Martin E. Dale

August 15, 1931 ‒ June 17, 2017

Sunbury, Ohio

 

Martin Dale 85 of Sunbury passed away Saturday June 17, 2017 at Grady Memorial Hospital in Delaware.
Martin was the third of four sons born to Dewey and Mary (Dunn) Dale in Meana, Arkansas. It was the Great Depression and though the family faced hard times and struggled as most families did back then,they thrived on the meals their resourceful mother would make with food from her garden, the chickens, and milk from the family cow. Marty was always helpful, whether it was paring apples, churning butter or making soap to help his mother or baling hay and raising hogs or cows to help his father put food on the table.

Marty’s parents wanted their children to be well rounded and have good educations to go forward in life. Marty became an Eagle Scout. While serving in the US Army, he was inducted into the US Military Intelligence Corps. He excelled in school and was able to attend and graduate from Iowa State University with a bachelor’s and master’s degrees in Forestry. Later he was able to use the GI Bill to earn his PhD in statistics from Iowa State University.

He married Gayle Carstensen and together they had 4 children: Steven, Denise, Michael and David.

The family resided in Berea Kentucky where Marty began his field research career for the US Forest Service, later moving to Ames, Iowa and eventually settling in the central Ohio area as he continued his career at the USDA Experimental Station in Delaware Ohio, eventually retiring in 1992.

Marty and Gayle enjoyed watching their children compete in the swimming meets all over the Midwest while living in Ames and in Columbus, occasionally taking the opportunity to visit and spend time with family in Spirit Lake, Iowa and Osawatomie, Kansas or taking the occasional family vacation to camp and enjoy the beauty of what nature offered in the mountains or to spend time at the ocean.
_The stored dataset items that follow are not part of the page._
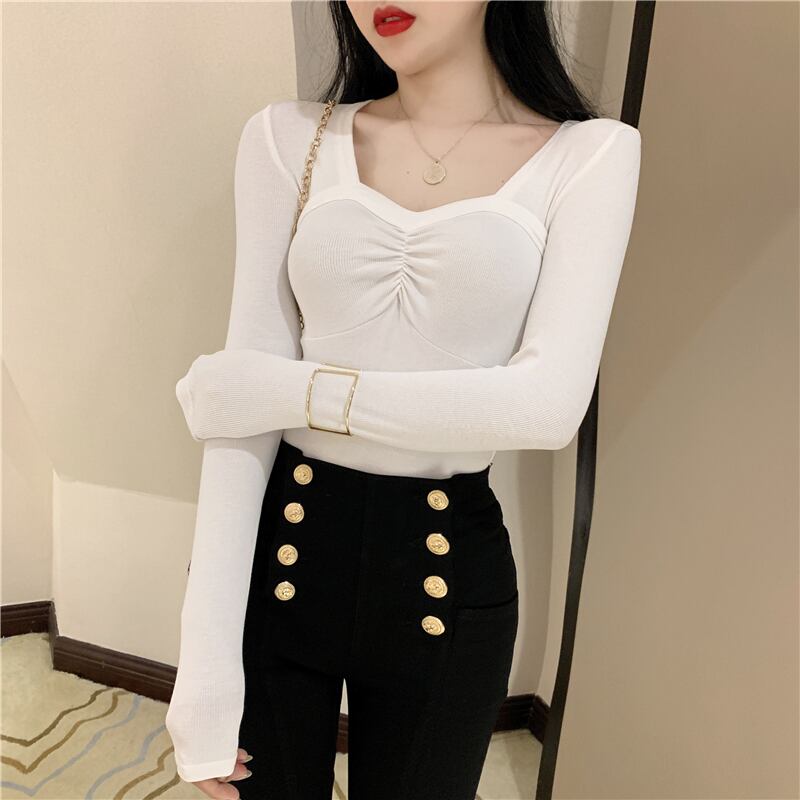 ホワイトシャツ スプリングオータムスタイルスリムTシャツ ロング 春物 秋物 1号婦人82285209153
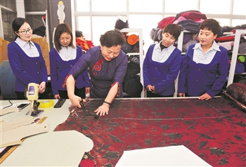 3月16日,河北省河间市一旗袍创意工坊的负责人为工人讲解旗袍加工制作技能。
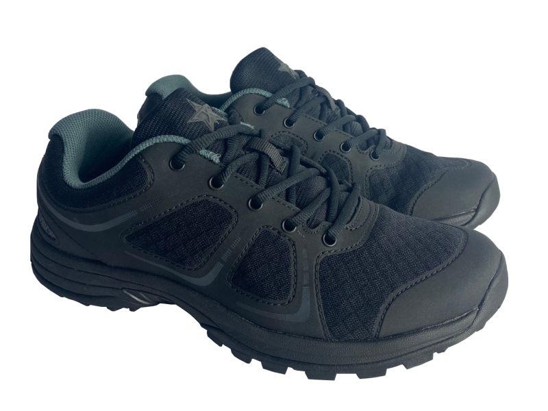 冬季工作鞋采取加强鞋底,具备一定的防穿刺功能。工作鞋样式为低腰五眼系带式,前帮由涤纶长丝鞋面布压烫聚氨酯胶膜制成,后帮为热塑性聚氨酯成型后包跟,鞋里为涤麻无纺布,大底由黑色发泡EVA/硬质TPU/密实橡胶组成,帮底采用胶粘工艺,冬季工作鞋设置网加绒工艺。

Eventually his first marriage ended and in 1985 he married Laurel Siefert Doran, a high school teacher in Pataskala, Ohio who had a daughter Annie.

They had a rich and fascinating marriage, mostly centered around the Christmas tree farm Marty started in 1982, which he had long dreamed about. Through the years, many families have come to the Dale Tree farm to choose and cut down their own Christmas tree. Though Marty cannotphysically be with us this year, the Christmas tree farm will be open with Marty’s spirit guiding his children and wife and helpers while continuing to make his dream come true.

Marty is survived by his wife; two of his children, Denise McLain (husband Bill McLain) and Dave Dale; by his stepdaughter Annie Adler; his Grandchildren Tasha Dale, Rachel Adler, Brian Dale and Brandi Dale; two brothers Jim Dale and Lewis Dale.
Marty has marked the world with his beautiful spirit; always expressing dignity, hope, kindness and tolerance for all.
An informal memorial service celebrating Martin’s life will be held at the tree farm later this summer.

In lieu of flowers memorial contribution’s may be directed towards Delaware County Humane Society 4920 OH-37, Delaware, Ohio 43015

To share a fond memory or to leave a message of condolence please visit www.snyderfuneralhomes.com

The Snyder-Rodman Funeral Center in Delaware is handling arrangements.

  • He was a mentor and a great friend. I wish I knew half as much about forestry as he did. I will miss him greatly.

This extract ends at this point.